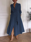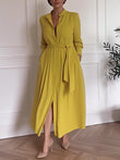 Women's Yellow Maxi Dress V-neck Tied Waist Long Sleeve Button Down Loose Casual Dress
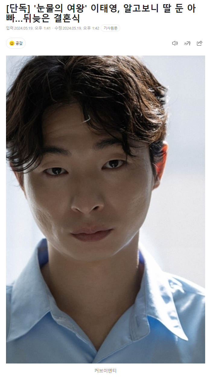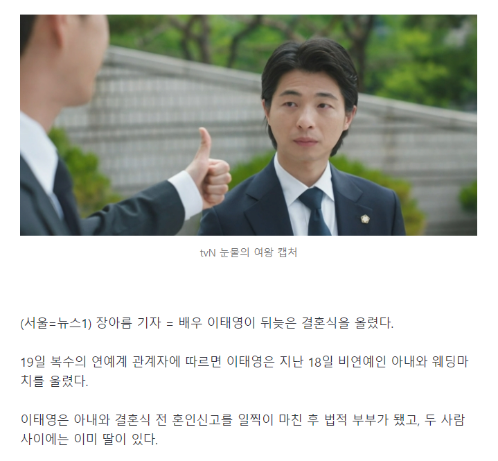 [단독] '눈물의 여왕' 이태영, 알고보니 딸 둔 아빠…뒤늦은 결혼식
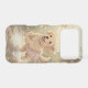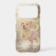 A minimalist phone case design featuring a cute puppy playing in the rain under soft golden sunlight. The puppy wears a pastel pink skirt and a small pink bow on her right ear. Surrounding her are simple plants and delicate flowers in muted earth tones and soft pastels. The overall design is clean and uncluttered, with a calm, dreamy aesthetic and a gentle, cozy feel.
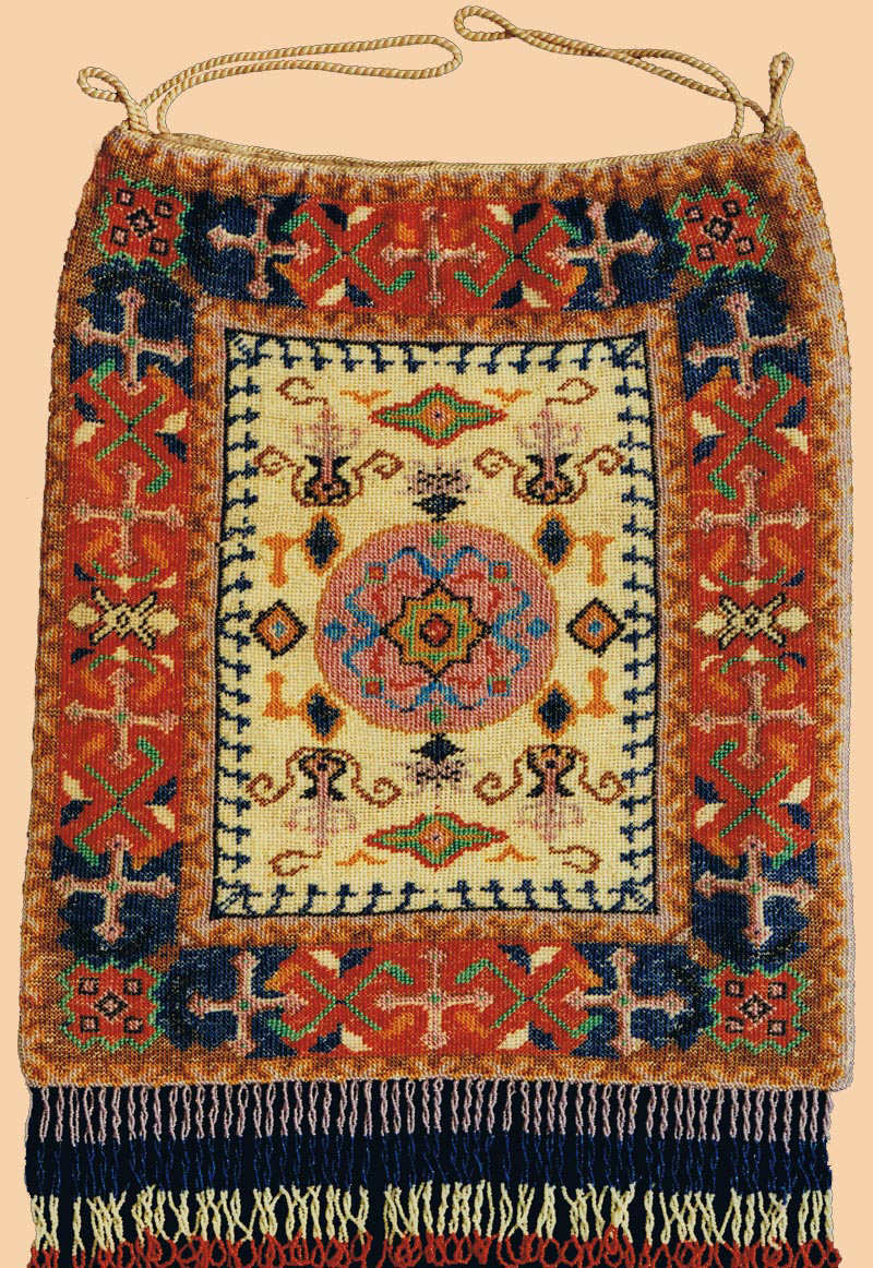Antique Austrian Beaded Bag with Carpet Design Extremely Fine Beaded Work 1800 -1900 A.D Size 12" x 11" Size 27 x 21cm
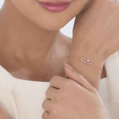 The Seven Up Collection's elongated rectangular bracelets are crafted in rose gold and feature 9 natural diamonds weighing 0.06 carats with a gross weight of 1.56 grams and a net weight of 1.54 grams. With a sleek, modern design, they offer a refined, minimalist touch that complements both casual and evening wear, adding sophistication and elegance to any look.
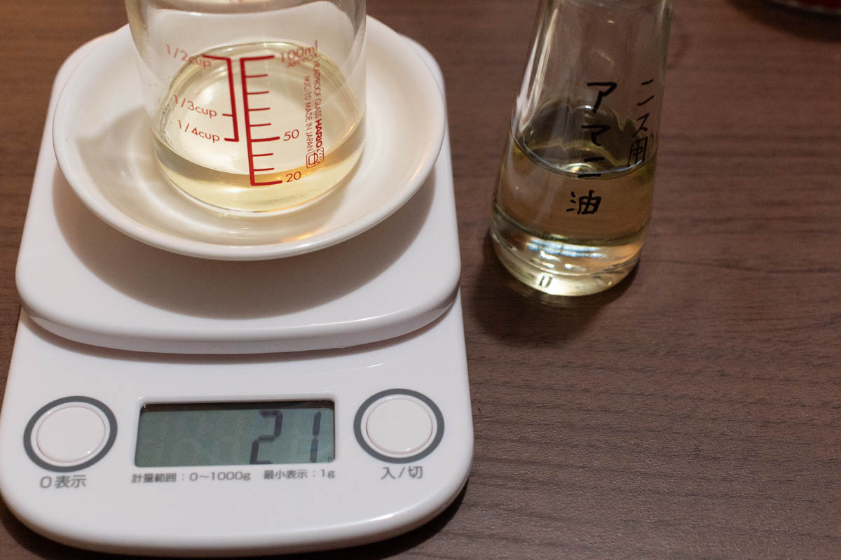 アマニ油のいいところはスーパーの油コーナーで50[g]の小瓶が300円ぐらいで買えるところです。

▶ [Task description]: Output all of the records exactly as they appear above, but not the pictures.

▶ [Task solution]:
 Women's Yellow Maxi Dress V-neck Tied Waist Long Sleeve Button Down Loose Casual Dress
 [단독] '눈물의 여왕' 이태영, 알고보니 딸 둔 아빠…뒤늦은 결혼식
 A minimalist phone case design featuring a cute puppy playing in the rain under soft golden sunlight. The puppy wears a pastel pink skirt and a small pink bow on her right ear. Surrounding her are simple plants and delicate flowers in muted earth tones and soft pastels. The overall design is clean and uncluttered, with a calm, dreamy aesthetic and a gentle, cozy feel.
Antique Austrian Beaded Bag with Carpet Design Extremely Fine Beaded Work 1800 -1900 A.D Size 12" x 11" Size 27 x 21cm
 The Seven Up Collection's elongated rectangular bracelets are crafted in rose gold and feature 9 natural diamonds weighing 0.06 carats with a gross weight of 1.56 grams and a net weight of 1.54 grams. With a sleek, modern design, they offer a refined, minimalist touch that complements both casual and evening wear, adding sophistication and elegance to any look.
 アマニ油のいいところはスーパーの油コーナーで50[g]の小瓶が300円ぐらいで買えるところです。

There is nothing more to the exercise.